Predictive analytics help hospital slash post-surgical infections

As the federal government continues to push for value over volume when it comes to healthcare, providers--like those at the University of Iowa Hospitals and Clinics--increasingly are turning to technology to bolster their efforts.

In particular, the Iowa City-based academic medical center now is reaping the rewards from predictive analytics tools deployed roughly two years ago, according to the Wall Street Journal. With the help of such software, infection rates for colon surgery patients have dropped 58 percent since the end of 2012.

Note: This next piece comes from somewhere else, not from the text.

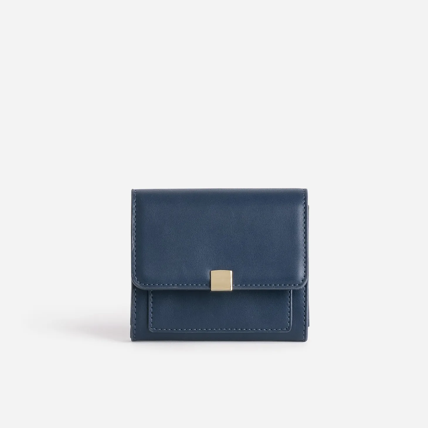 Ne vous fiez pas à son petit format. Poche zippée interne, poche plaquée externe, fentes pour cartes, ce porte-monnaie prend son rôle à cœur. En matière synthétique lisse, il se décline en coloris marine, sobre et intemporel.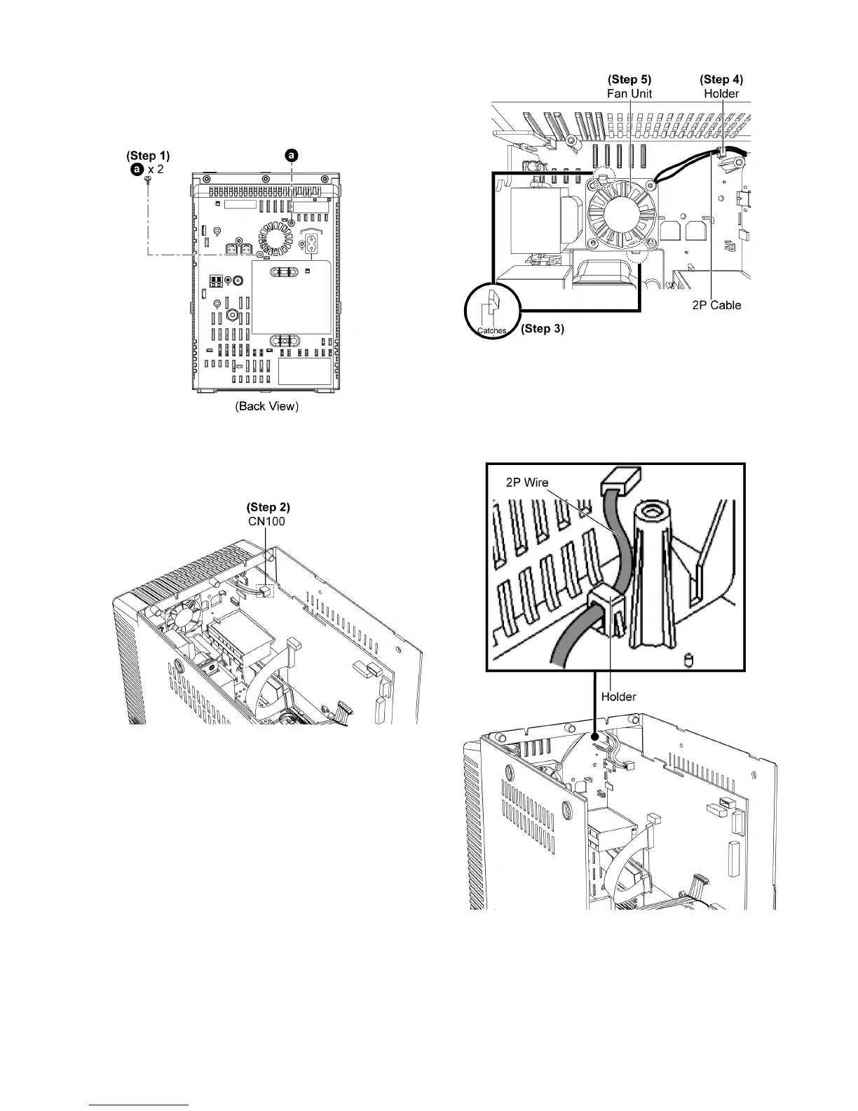 Step 2 : Detach 2P cable at connector (CN100) on Main P.C.B..

The hospital, according to John Cromwell, associate chief medical officer and director of surgical quality and safety, first built a model of its environment based on surgical procedures, outcomes and surgical site infection risks for 1,600 patients. The hospital then loaded the model into analytics software that pulls in information from various sources, such as patient records and medical equipment.

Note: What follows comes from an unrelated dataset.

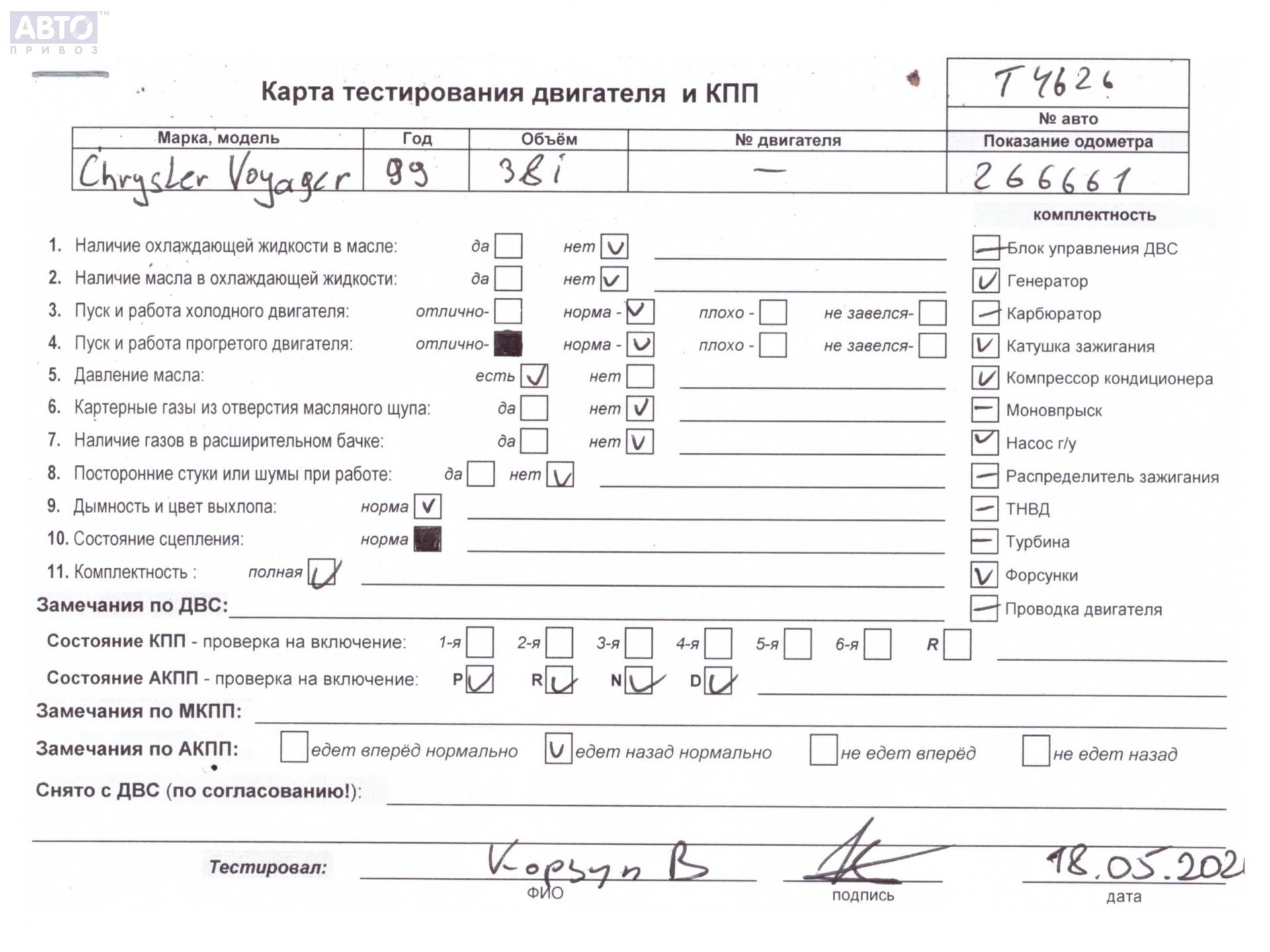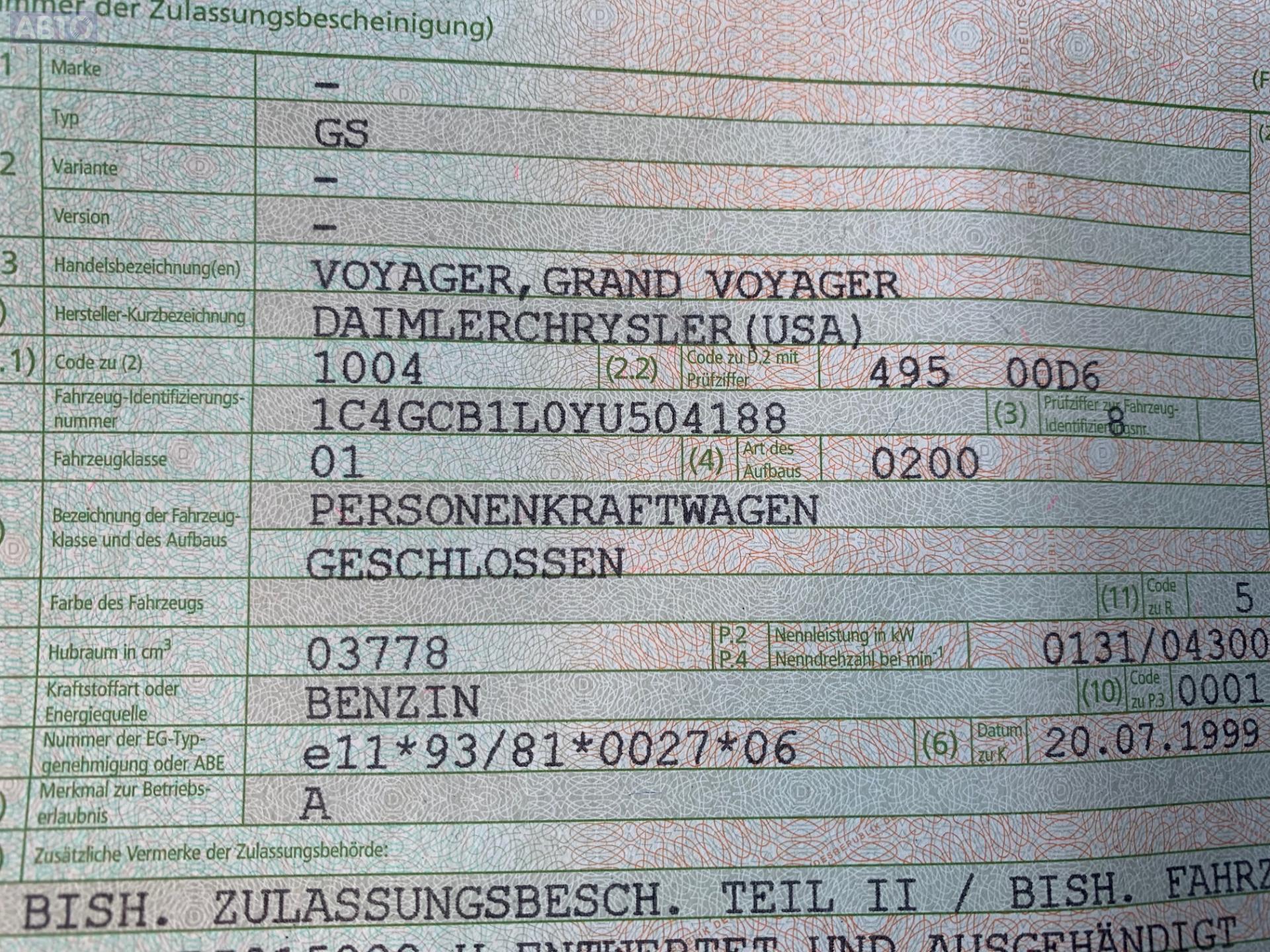 | Марка / Модель / Год: | Chrysler Voyager (1996-2000) 1999 |

Now, surgeons, during procedures, can compare that information to information for patients undergoing operations in real time; nurses enter the real-time patient data into the software, which then determines a patient's risk of suffering a surgical site infection.

The information helps surgeons develop distinct post-operation plans of attack for individual patients.

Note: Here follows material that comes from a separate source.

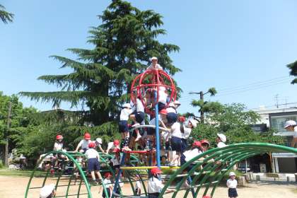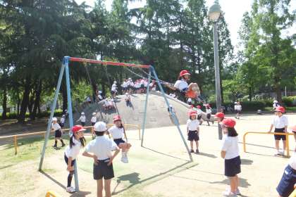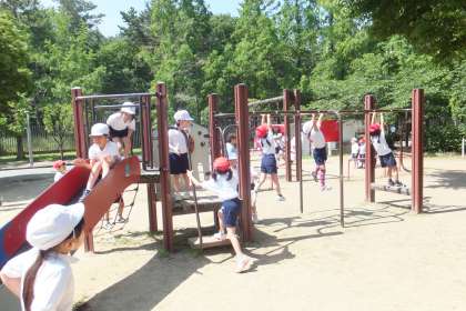 まず、最初は、滑り台やジャングルジム、ブランコなどの遊具で遊びました。

"Our goal has been to get that risk ... before the patient leaves the operating room, mainly because there are some therapies out there that don't make sense to apply to every patient," Cromwell told WSJ.

Personalizing care through predictive analytics poses the opportunity to significantly reduce healthcare costs, according to a Rock Health report published last fall, including $192 billion in overtreatment, $128 billion in failures of care delivery and $35 billion in lack of care coordination--figures attributed to the Journal of the American Medical Association.

Like the University of Iowa, Massachusetts General Hospital also uses a predictive analytics tool, including surgeon acceptance of its predictions on risk, according to David Ting, associate medical director for information systems at the hospital. The tool, known as the Queriable Patient Interface Dossier, was developed in 2007.

Last summer, IQ4I Research & Consultancy predicted that the health analytics market could see as much as 25 percent annual growth over the next five years.